*** Opening of Given records ***

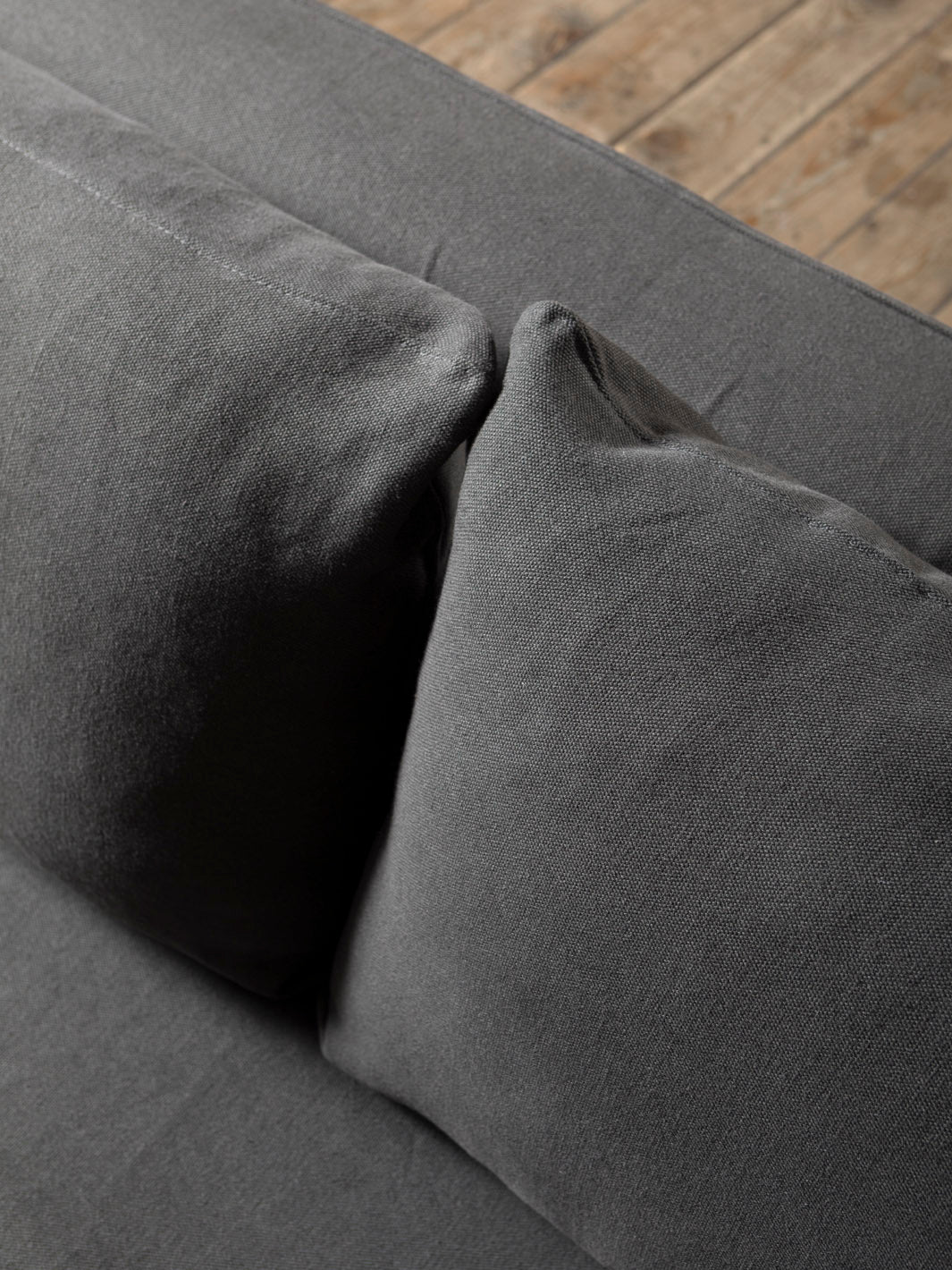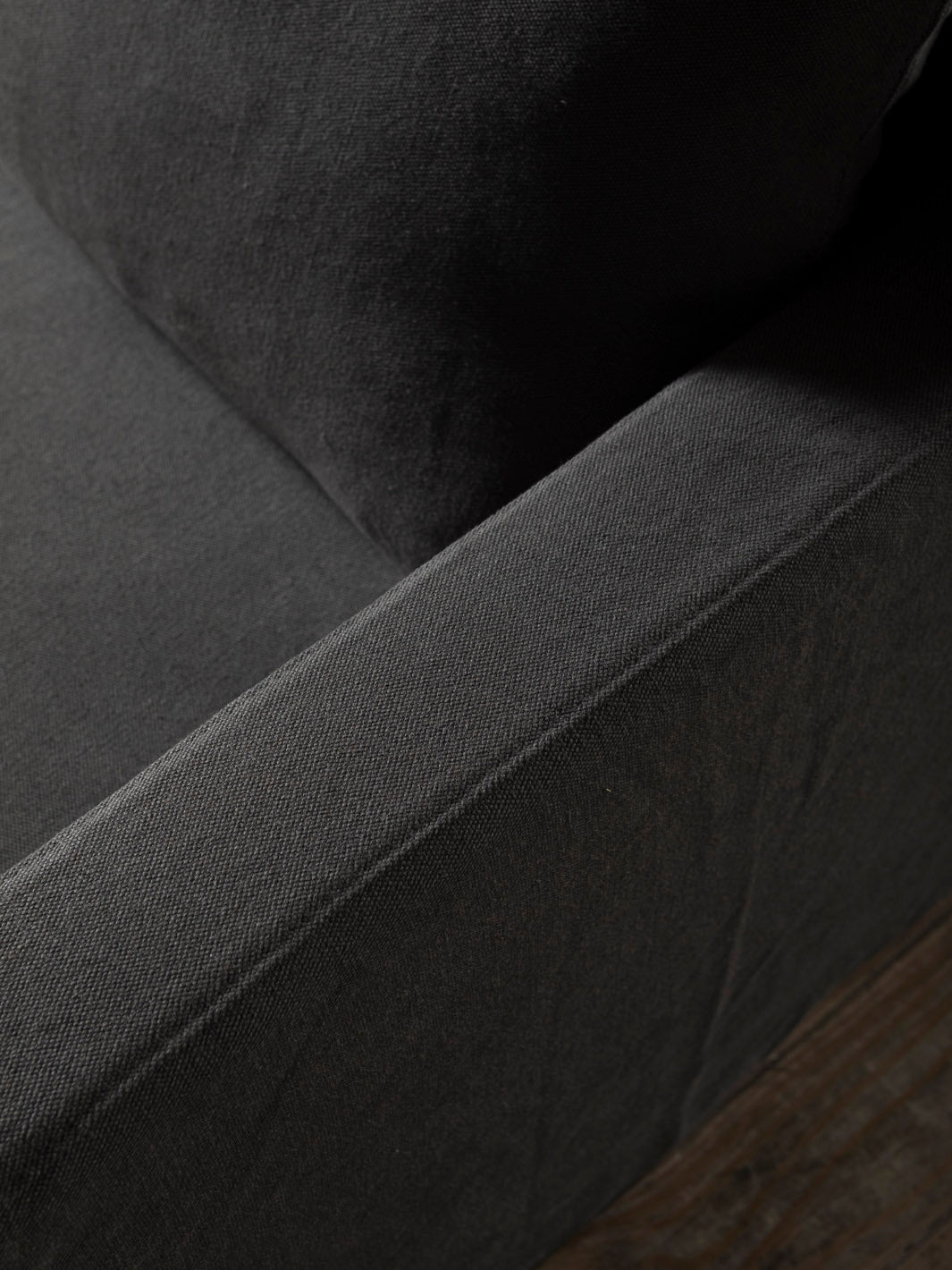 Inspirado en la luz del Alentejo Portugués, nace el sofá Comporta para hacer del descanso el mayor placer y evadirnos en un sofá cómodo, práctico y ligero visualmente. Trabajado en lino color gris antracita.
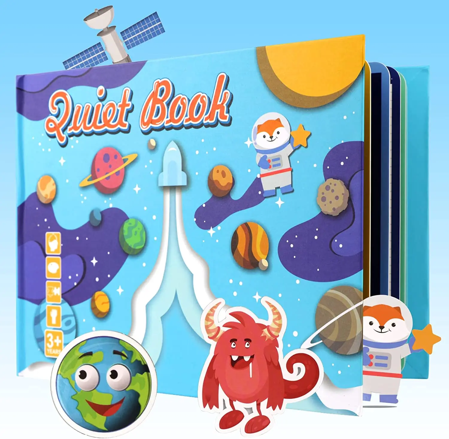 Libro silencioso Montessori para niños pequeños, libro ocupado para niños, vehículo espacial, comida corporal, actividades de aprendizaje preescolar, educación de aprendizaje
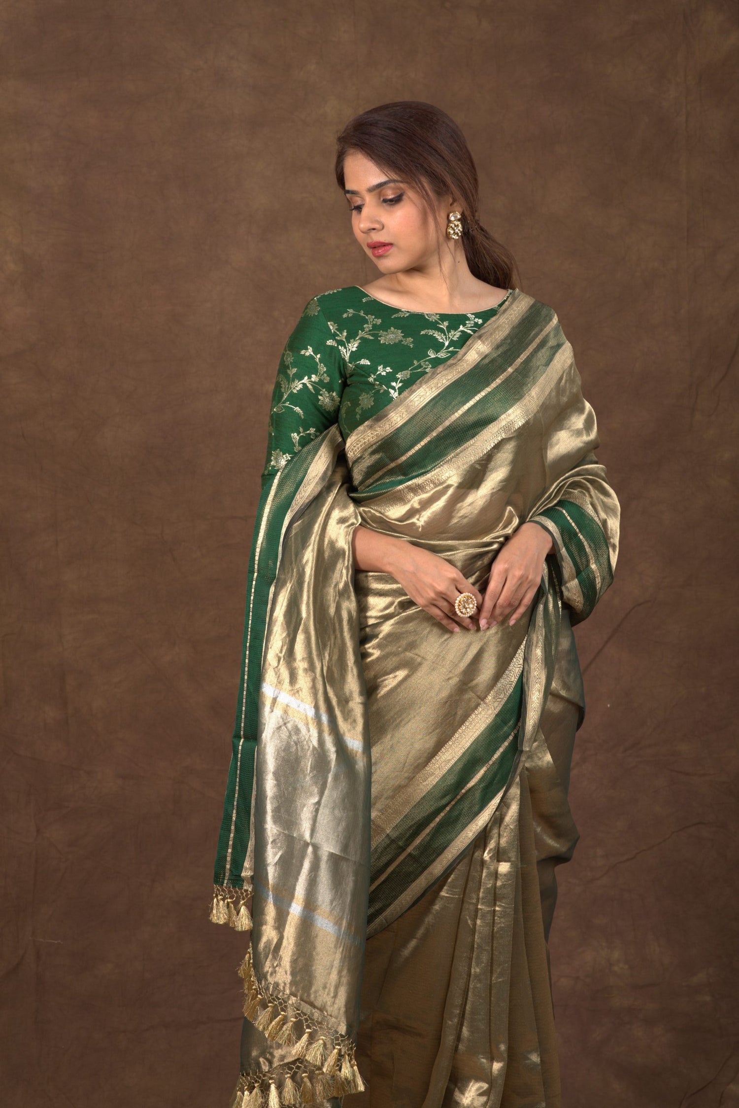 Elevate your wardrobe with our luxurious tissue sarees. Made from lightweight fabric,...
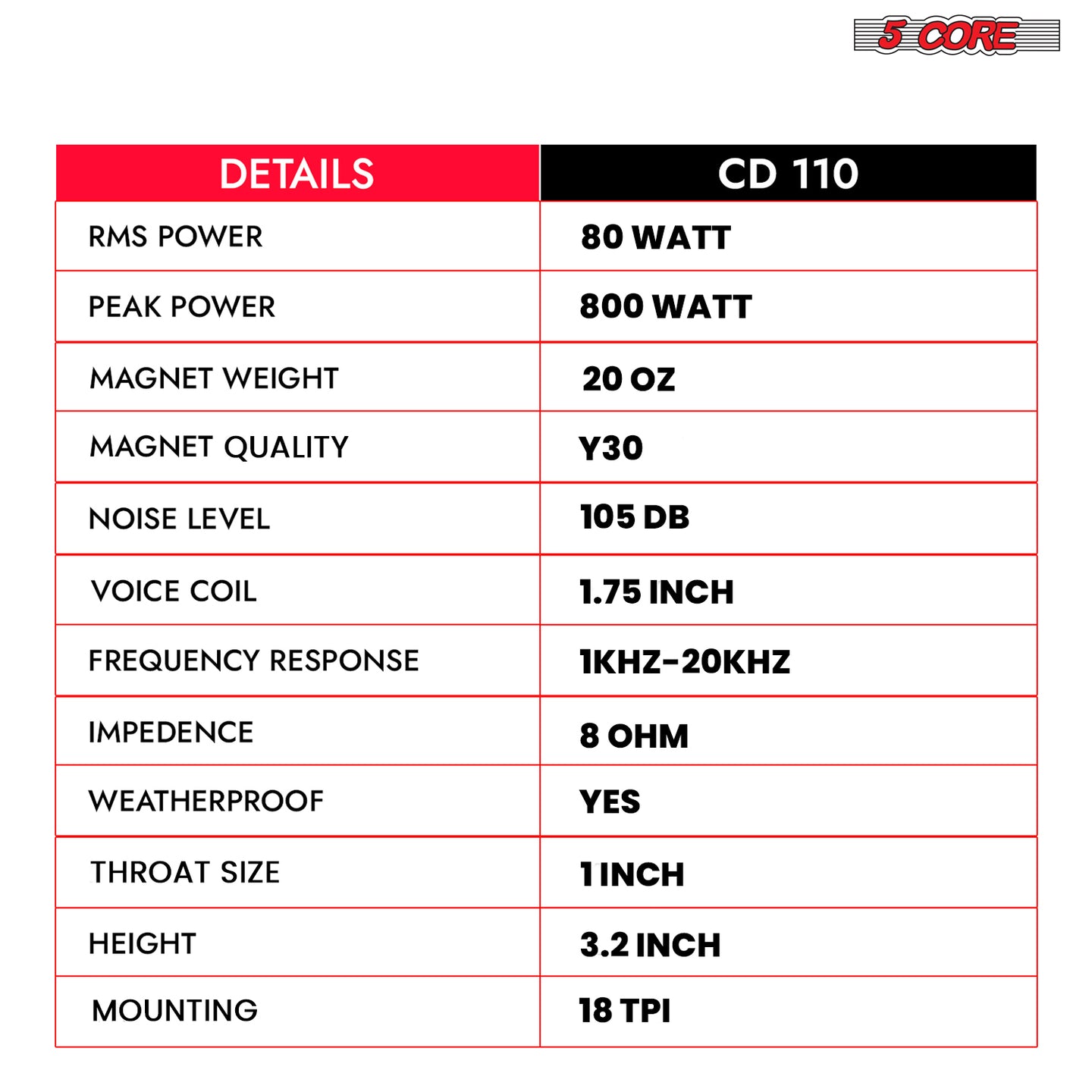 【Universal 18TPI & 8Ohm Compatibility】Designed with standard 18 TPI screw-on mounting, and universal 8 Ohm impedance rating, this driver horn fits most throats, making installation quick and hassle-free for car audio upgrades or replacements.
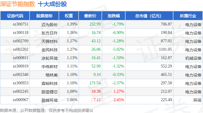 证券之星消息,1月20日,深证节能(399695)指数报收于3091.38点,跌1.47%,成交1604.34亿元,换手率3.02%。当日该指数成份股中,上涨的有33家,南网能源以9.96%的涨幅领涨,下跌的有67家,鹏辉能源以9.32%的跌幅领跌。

*** Close of Given records ***

» **Exercise directions**
Please copy the data above exactly; the pictures do not belong in the copy.

» **Solution to this task**
 Inspirado en la luz del Alentejo Portugués, nace el sofá Comporta para hacer del descanso el mayor placer y evadirnos en un sofá cómodo, práctico y ligero visualmente. Trabajado en lino color gris antracita.
 Libro silencioso Montessori para niños pequeños, libro ocupado para niños, vehículo espacial, comida corporal, actividades de aprendizaje preescolar, educación de aprendizaje
 Elevate your wardrobe with our luxurious tissue sarees. Made from lightweight fabric,...
 【Universal 18TPI & 8Ohm Compatibility】Designed with standard 18 TPI screw-on mounting, and universal 8 Ohm impedance rating, this driver horn fits most throats, making installation quick and hassle-free for car audio upgrades or replacements.
 证券之星消息,1月20日,深证节能(399695)指数报收于3091.38点,跌1.47%,成交1604.34亿元,换手率3.02%。当日该指数成份股中,上涨的有33家,南网能源以9.96%的涨幅领涨,下跌的有67家,鹏辉能源以9.32%的跌幅领跌。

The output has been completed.